Plan: | Maasoever |
---|---|
Status: | vastgesteld |
Plantype: | bestemmingsplan |
IMRO-idn: | NL.IMRO.0957.BP00000146-VG01 |
De Strategische Visie Roermond 2020 beschrijft het gewenste toekomstbeeld van de gemeente Roermond en is vastgesteld op 30 oktober 2008. De visie omvat doelstellingen, standpunten, sterke
punten en onderscheidende kenmerken en betreft een koers tot 2020 op hoofdlijnen. In 2020 dient
Roermond een stad te zijn voor mensen van alle leeftijden, voor alle bevolkingsgroepen, waar het goed wonen, werken, vertoeven en recreëren is. De strategische visie is uitgewerkt in zes aandachtsgebieden waarin de komende jaren geïnvesteerd dient te worden:
De structuurvisie Roermond bevat een 'streefbeeld 2030', waarin Roermond neergezet wordt als een dynamische, compacte kwaliteitsstad aan het water. De visie vormt een belangrijke basis voor het ruimtelijke beleid van de gemeente. De beleidsdoelstellingen richten zich op kwaliteitsverbeteringen van de ruimtelijke structuur, te bereiken door middel van herstructurering, inbreiding en optimale benutting van de beschikbare ruimte. De ligging aan de Maas is van groot belang voor hoogwaardig wonen en recreëren aan en op het water. Het oplossen van knelpunten in de hoofdwegenstructuur en de aanleg van een efficiënt fietspadennetwerk moeten leiden tot een betere bereikbaarheid van de stad.

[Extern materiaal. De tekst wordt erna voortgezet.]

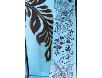 Jeffrey's chair is beautifully decorated with traditional henna designs from India. To admire this chair up close, please visit Philbrick's Fresh Market at 775 Lafayette Rd. Route 1 Portsmouth, NH
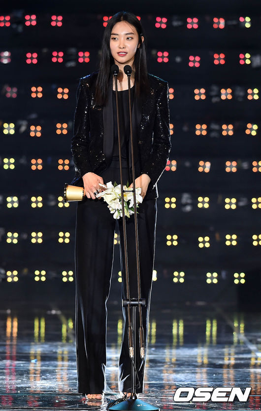 24일 오후 서울 방이동 올림픽홀에서 열린 '2015 아시아 모델 어워즈(Asia Model Awards)'에서 모델 곽지영이 모델스타상을 수상하고 있다.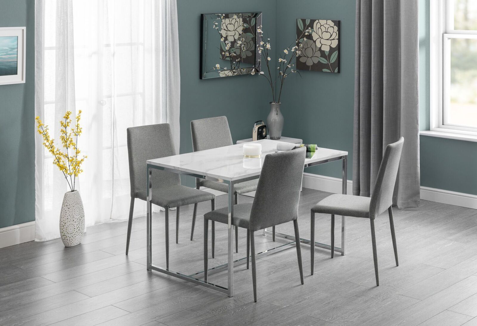 The Scala Dining Table has a sleek, elegant design with a beautiful chic marble effect table top on a well-crafted stainless steel frame. It has a timeless Italian design that fits well with a wide range of decorative styles. Part of the Scala Occasional furniture range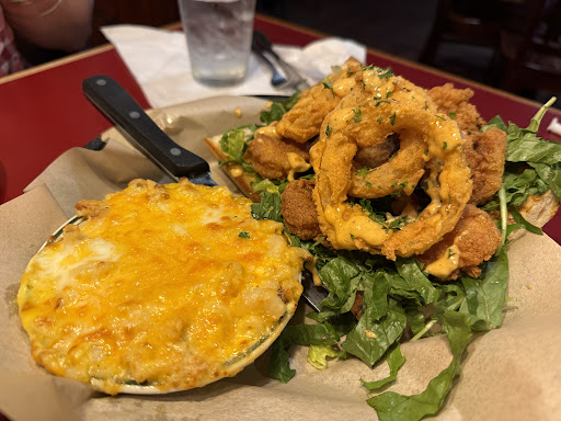 Read moreI was visiting my in-laws with my wife and they wanted to take us here so we gave it a try. The outside looked promising, but as we entered I got the feeling things were going to go down hill. We were seated quickly, partly because it was so empty. The waitress came by to take our drink orders, I wanted a beer and asked what they carried. Besides Bud and Pabst Blue Ribbon the waitress had no clue what they carried. So instead of finding a beer list or going to find out she just told me to go to the bar and look around to see what they had. Seriously, I went to the bar to see what they had. They didn't have much anyway, I ended up ordering a local craft beer and my wife gave up on their beer list and ordered a mixed drink (the beer wasn't very good). So, we ordered an appetizer, crab dip. This was the one good thing about the place, their crab dip was pretty good and the serving size was perfect for four people. The entrée was a different story, I decided to play it safe and ordered a simple chicken sandwich. It was suppose to be cajan spiced, "huge", and come with waffle fries. My wife ordered a roast-beef wrap with chips. Well the food came and it did not live up to the descriptions on the menu. The chicken sandwich was not cajan spiced, in fact, it was quite bland; just a piece of chicken with mayo on a bun, poorly put together. The size was not "huge" and I didn't even eat half of it. The waffle fries were not restaurant worthy, they seemed to be just like the frozen fries you can get at the grocery. My wife did not really like her roast-beef wrap either, she too said it was bland and not very good quality. The only reason I am giving them two stars is the crap dip, it was good. So in all honesty we won't be coming here again, the service isn't very good, the selection isn't very good, and the food isn't very good. If you are in the area and looking for something to eat, just go to the Applebee's down the road, at least they'll have a better selection of food for about...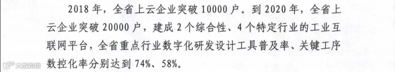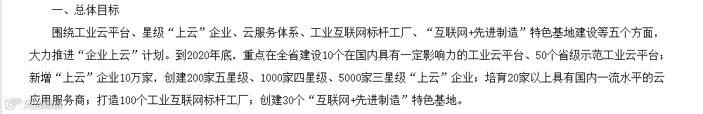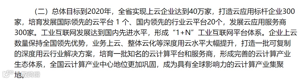 到2020年,新增“上云”企业2万家外,培育“上云”标杆企业100家;引进和培育一批国内领先的云平台服务商,培育云应用服务商50家,建设 2-3个跨行业跨领域的工业互联网平台及10-15个行业云平台,打造企业上云体验中心10个。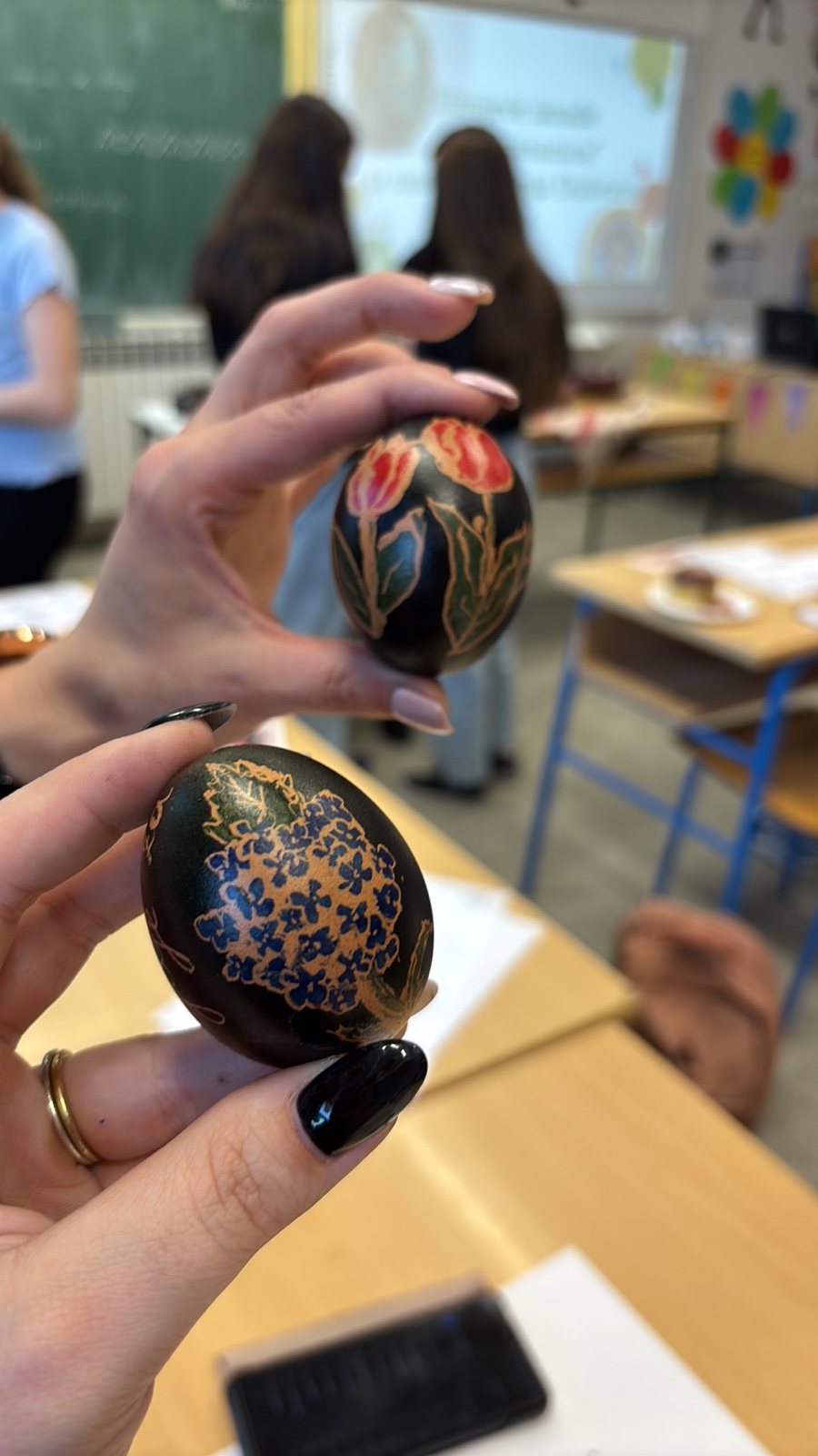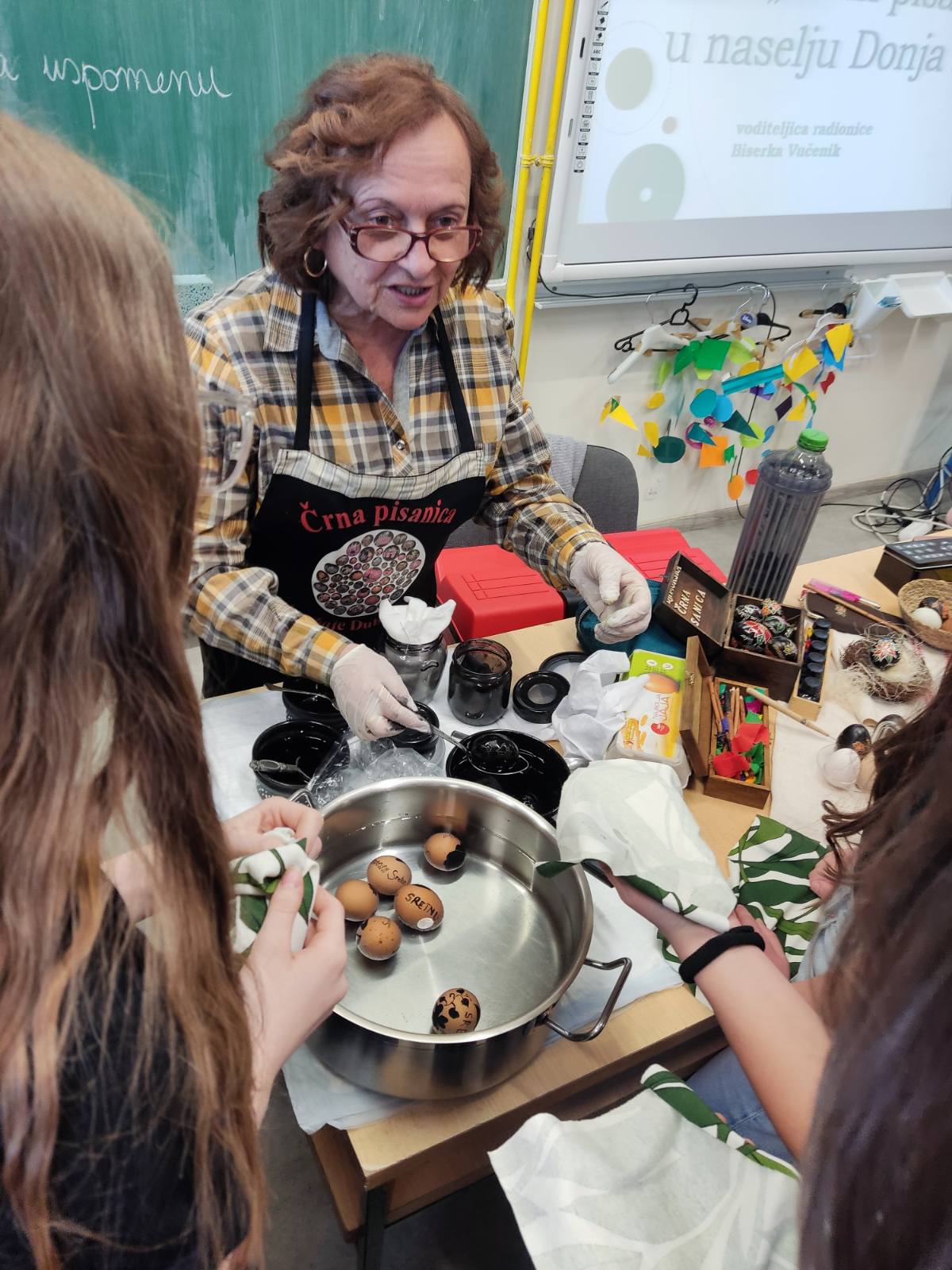 Majstorica zanata, gospođa Biserka Vučenik, imala je puno volje i strpljenja te je vodila učenike kroz sam proces izrade črne pisanice. To malo jaje zahtijeva puno truda, ali neopisiv je osjećaj vidjeti konačan proizvod. Stečena su nova iskustva koja će učenici sigurno prenijeti i u svojoj školi.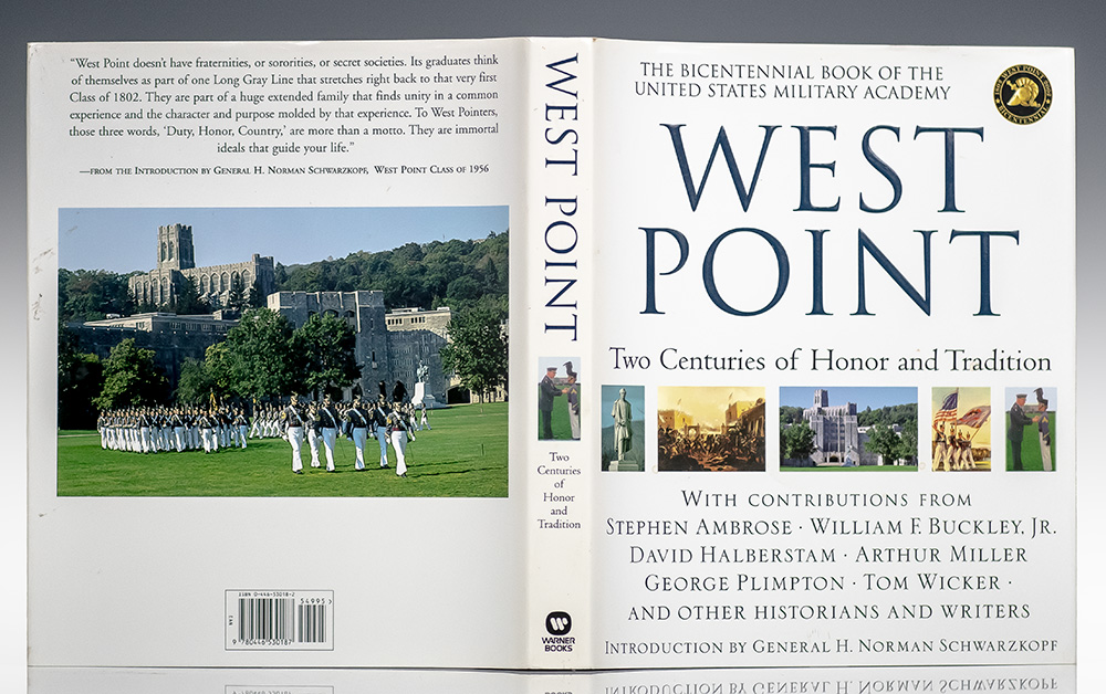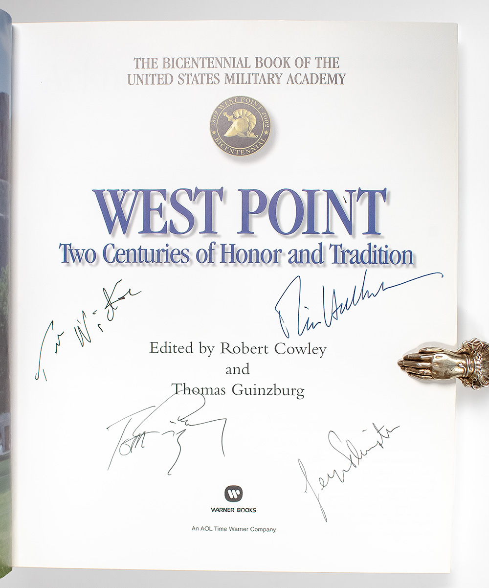 First edition of this commemorative history of the famous military academy. Quarto, original cloth, illustrated with over 400 photographs and drawings, including famous and rarely seen paintings, historic letters from cadets, treasured athletic memorabilia, and other artifacts. Signed by Tom Wicker, Thomas Guinzburg, David Halberstam, and one additional contributor on the title page. Fine in a fine dust jacket. Accompanied by the original West Point 200th anniversary invitation which has been inscribed, "... you may get a second invite for it. See ya there, Rich."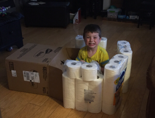 I ordered toilet paper from Amazon.com, and when it came, you absconded with the box and the toilet paper and said, “This is my little house!” I wasn’t thrilled to have this in the middle of the living room, but I knew it would be funny to me later, so I took a picture of you in your little house.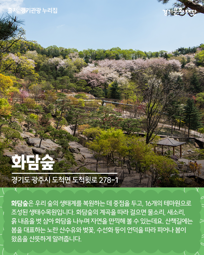 🌸경기도 광주시 도척면 도척윗로 278-1 화담숲은 우리 숲의 생태계를 복원하는 데 중점을 두고, 16개의 테마원으로 조성된 생태수목원입니다. 화담숲의 계곡을 따라 걸으면 물소리, 새소리, 흙 내음을 벗 삼아 화담을 나누며 자연을 만끽해 볼 수 있는데요. 산책길에는 봄을 대표하는 노란 산수유와 벚꽃, 수선화 등이 언덕을 따라 피어나 봄이 왔음을 산뜻하게 알려줍니다.
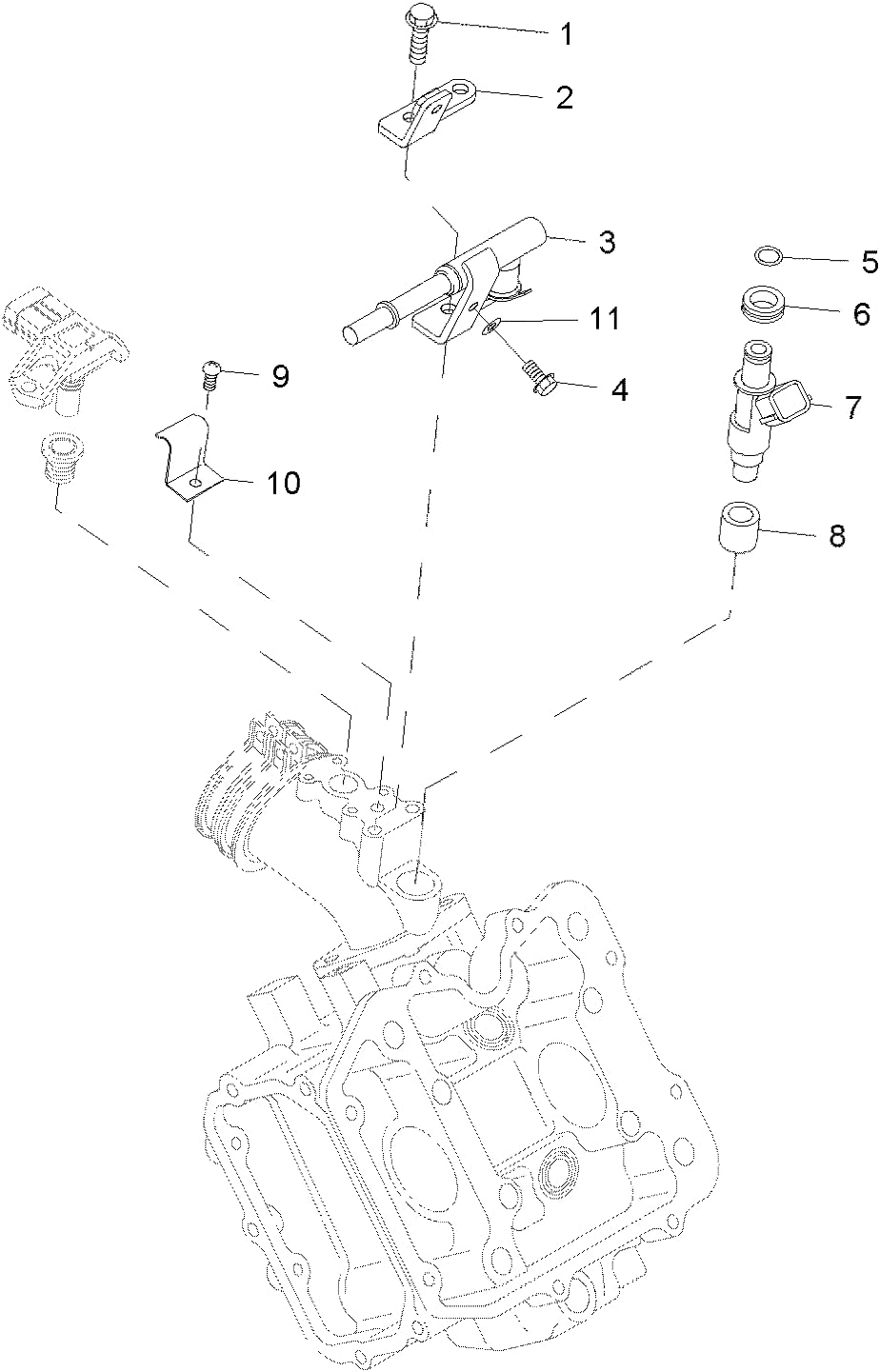 Figura 1: Schematic diagram illustrating the Polaris fuel delivery system. Component 3 represents the fuel delivery pipe, with other associated parts numbered for reference (e.g., 1: screw, 2: clamp, 4: screw, 5: O-ring, 6: washer, 7: injector, 8: cap, 9: screw, 10: bracket, 11: clamp).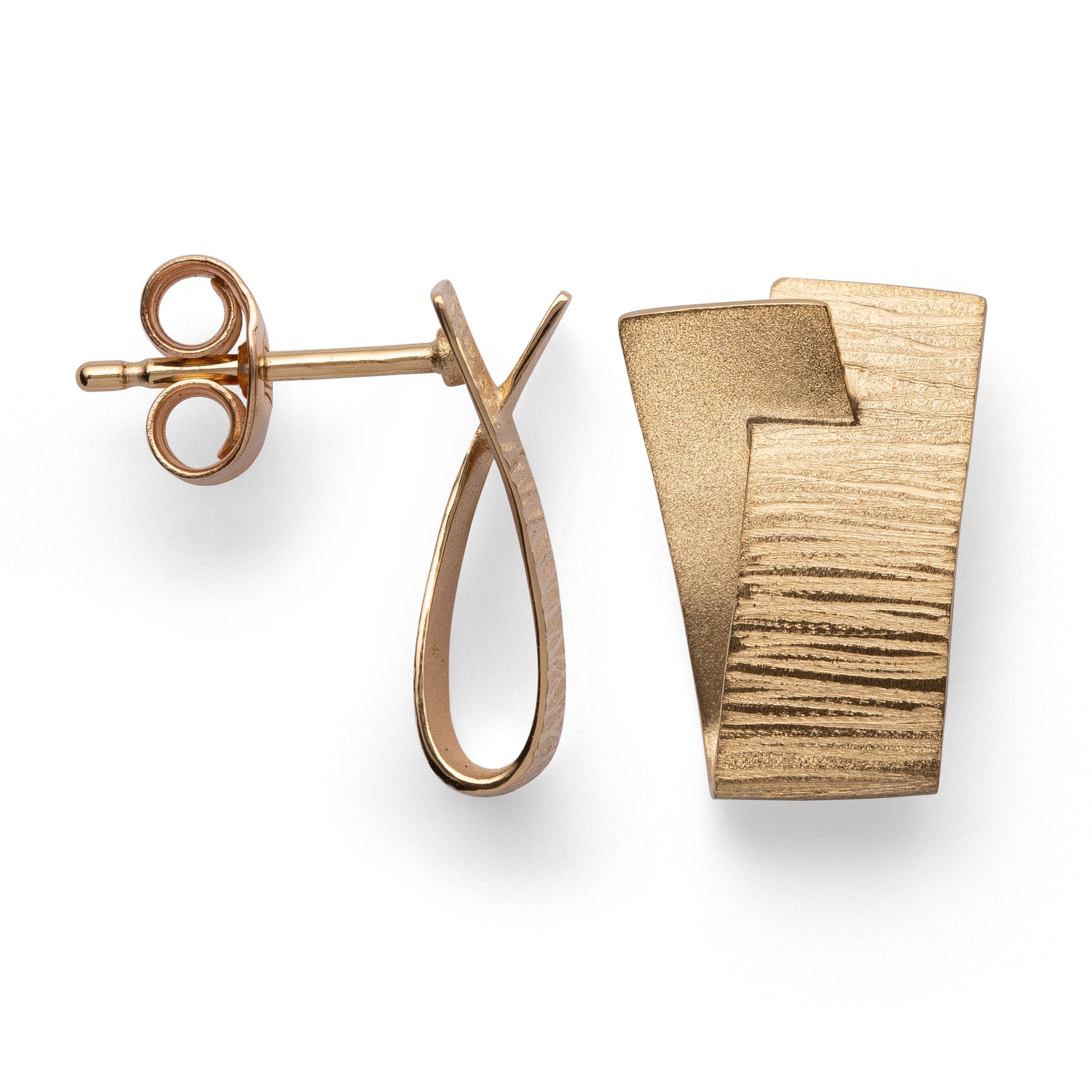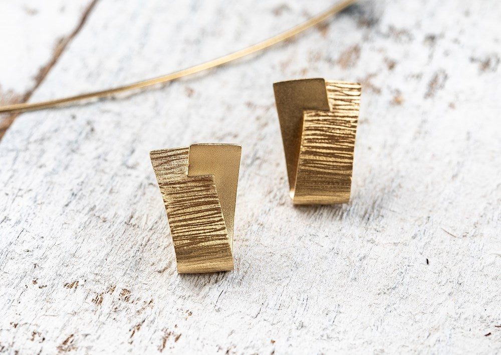 Strongly designed stud earrings made of 750 yellow gold. The unique folded look and the distinctive surface treatment make these hand-crafted earrings made from exquisite materials an effective eye-catcher that you will enjoy for a lifetime. Available with matching pendant and ring. Available exclusively from specialist retailers.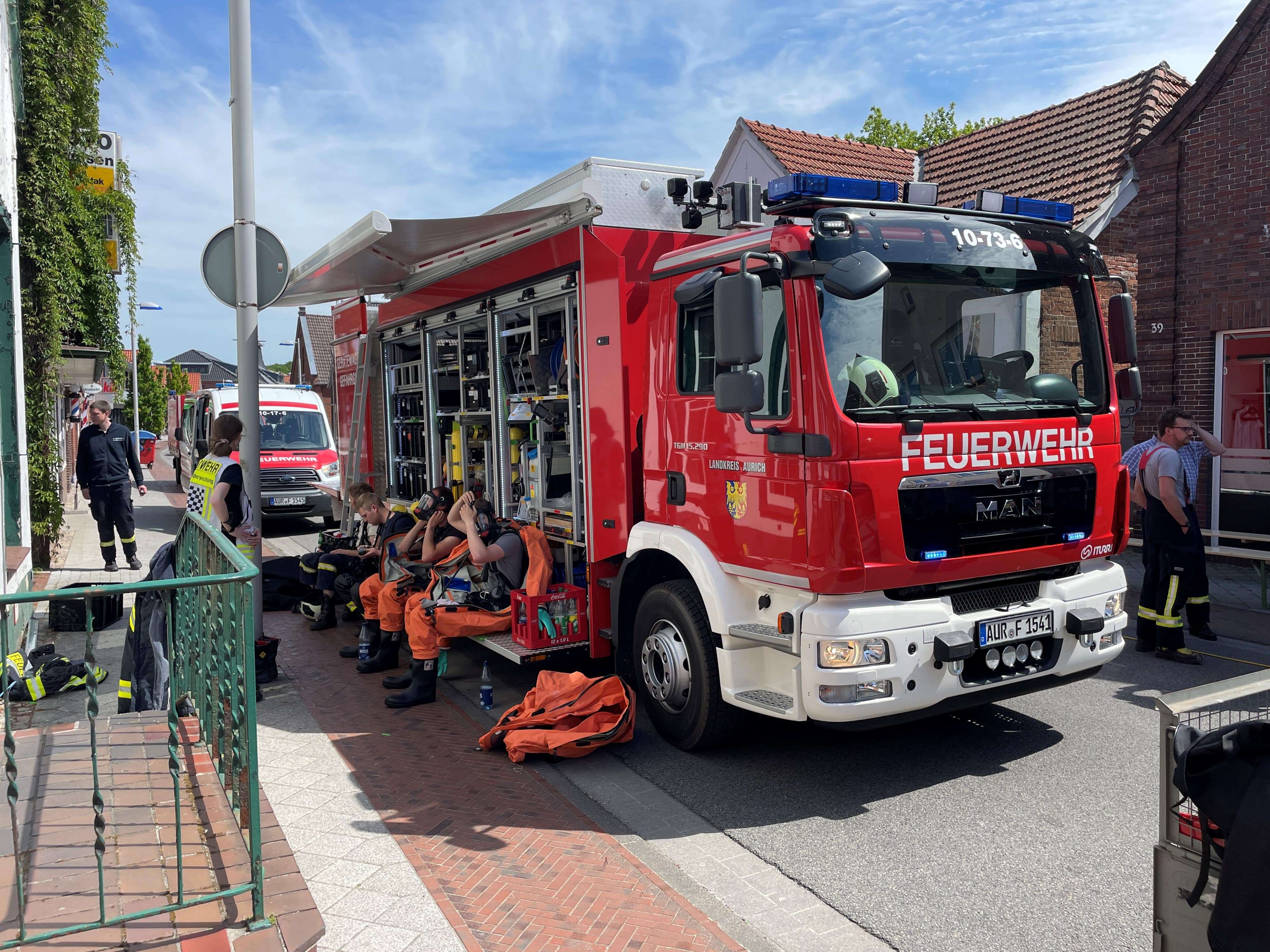 Einsatzkräfte der Norder Feuerwehr gingen in Chemikalienschutzanzügen in das Gebäude zunächst zur Erkundung. Nachdem erste Erkundungsergebnisse vorlagen, wurde der bei der Ortsfeuerwehr Aurich-Sandhorst stationierte Gefahrgutzug des Landkreises Aurich hinzugezogen. Auch die gesamte Ortsfeuerwehr Hage wurde für Absperrmaßnahmen und Reinigungsarbeiten nachalarmiert.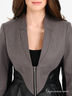 Стильный приталенный жакет. По низу талии идет в два ряда легкий волан из кожаной ткани. Также есть вставка из кожи спереди, по бокам и по внутренней стороне рукава. Отложной воротник с лацканами. Застежка на молнию. Будьте в центре внимания каждый день!

Het plangebied van dit bestemmingsplan maakt onderdeel uit van Roerdelta. Voor het gebied Roerdelta en zijn relatie met de Maas en Maasplassen wordt aangegeven dat Roermond zich regionaal en boven-regionaal kan profileren. Herstructurering en uitbreiding van het havengebied kan de mogelijkheden voor passanten vergroten. Hiernaast dient ingezet te worden op kwaliteitsverbetering van de aanwezige voorzieningen en het landschap. De ruimtelijk-functionele relatie tussen het waterfront en de binnenstad moet versterkt worden en de toeristische potenties van de Roerkade moeten beter worden benut. Bij de verdere ontwikkeling van Roerdelta moet worden ingezet op functiemenging van wonen en recreëren. Met name de Maasboulevard kan heel aantrekkelijk gemaakt worden door toevoeging van horeca en themagerichte voorzieningen.
In dit bestemmingsplan zijn geen nieuwe ontwikkelingen toegelaten. Voor het andere deel van Roerdelta is het bestemmingsplan Roerdelta fase 1 opgesteld. Dit bestemmingsplan maakt wel nieuwe ontwikkelingen mogelijk.
De Nota integraal horecabeleid beschrijft het horecabeleid van de gemeente Roermond. Het doel van dit beleid is het versterken van toerisme in het kerngebied, een goed evenwicht creëren tussen bedrijvigheid en leefbaar wonen, goede serviceverlening richting ondernemers en streven naar een economisch gezonde en dynamische horecabedrijfstak. In het horecabeleid is aandacht voor de wijze van bestemmen van horecavoorzieningen in nieuwe bestemmingsplannen. In woonwijken worden enkel bestaande horecavoorzieningen positief bestemd zodat uitbreidingsmogelijkheden in de meeste gevallen afwezig zijn. In dit bestemmingsplan zijn de bestaande horecafuncties positief bestemd. Daarnaast is het toevoegen van nieuwe horecagelegenheden binnen het plangebied niet mogelijk gemaakt. Dit is in overeenstemming met het gemeentelijke horecabeleid.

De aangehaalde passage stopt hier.